Federal Appeals Court postpones injunction blocking CoreValve sale in US

The Federal Circuit Court of Appeals has postponed the implementation of an injunction filed by Edwards Lifesciences to prevent Medtronic Inc. from marketing its CoreValve transcatheter valve in the United States.

Medtronic argued that Edwards Lifesciences had not met the standards necessary to file such an injunction, and had previously been granted a postponement of 7 business days to appeal the ruling after the initial order on April 11. As a result of this latest postponement, the injunction will only go into effect if the appellate court determines it had been properly issued, according to a press release.

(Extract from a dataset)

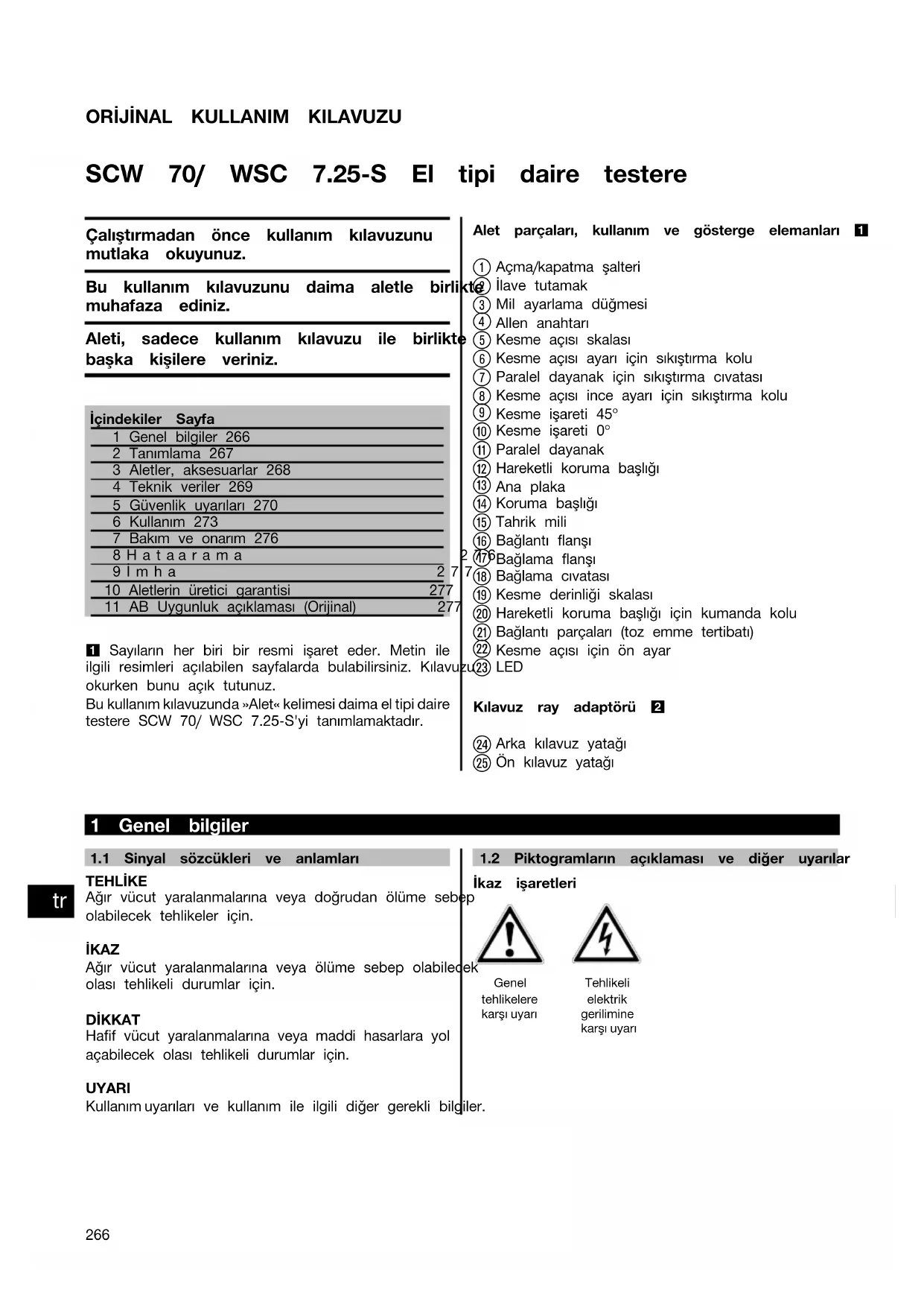Printed: 14.05.2014 | Doc-Nr: PUB / 5070536 / 000 / 02ORİJİNAL KULLANIM KILAVUZU SCW 70/ WSC 7.25‑S El tipi daire testere Çalıştırmadan önce kullanım kılavuzunu mutlaka okuyunuz. Bu kullanım kılavuzunu daima aletle birlikte muhafaza ediniz. Aleti, sadece kullanım kılavuzu ile birlikte başka kişilere veriniz. İçindekiler Sayfa1 Genel bilgiler 2662 Tanımlama 2673 Aletler, aksesuarlar 2684 Teknik veriler 2695 Güvenlik uyarıları 2706 Kullanım 2737 Bakım ve onarım 2768Hataarama 2769İmha 27710 Aletlerin üretici garantisi 27711 AB Uygunluk açıklaması (Orijinal) 277 1 Sayıların her biri bir resmi işaret eder. Metin ile ilgili resimleri açılabilen sayfalarda bulabilirsiniz. Kılavuzuokurken bunu açık tutunuz. Bu kullanım kılavuzunda »Alet« kelimesi daima el tipi daire testere SCW 70/ WSC 7.25-S'yi tanımlamaktadır.Alet parçaları, kullanım ve gösterge elemanları 1 Açma/kapatma şalteri İlave tutamak Mil ayarlama düğmesi Allen anahtarı Kesme açısı skalası Kesme açısı ayarı için sıkıştırma kolu Paralel dayanak için sıkıştırma cıvatası Kesme açısı ince ayarı için sıkıştırma kolu Kesme işareti 45° Kesme işareti 0° Paralel dayanak Hareketli koruma başlığı Ana plaka Koruma başlığı Tahrik mili Bağlantı flanşı Bağlama flanşı Bağlama cıvatası Kesme derinliği skalası Hareketli koruma başlığı için kumanda kolu Bağlantı parçaları (toz emme tertibatı) Kesme açısı için ön ayar

“We believe this ruling is good news for patients who need the CoreValve device, and our primary objective has been to work closely with physicians to ensure that their patients are able to get the therapy they need,” John Liddicoat, MD, senior vice president of Medtronic and president of the Medtronic Structural Heart Business, said in the release.

The Court of Appeals also granted an expedited appeal of the initial ruling to Medtronic, with the final appeal brief to be submitted by June 19.

The self-expanding CoreValve device was approved by the FDA in January for use in patients with severe aortic stenosis at extreme high risk for surgical valve replacement. The approval was granted without the assessment of an external panel of experts, due to strongly favorable results from study of the CoreValve System among high-risk patients.

The injunction would not affect ongoing US clinical trials of CoreValve, or the sale or marketing of the device outside of the United States.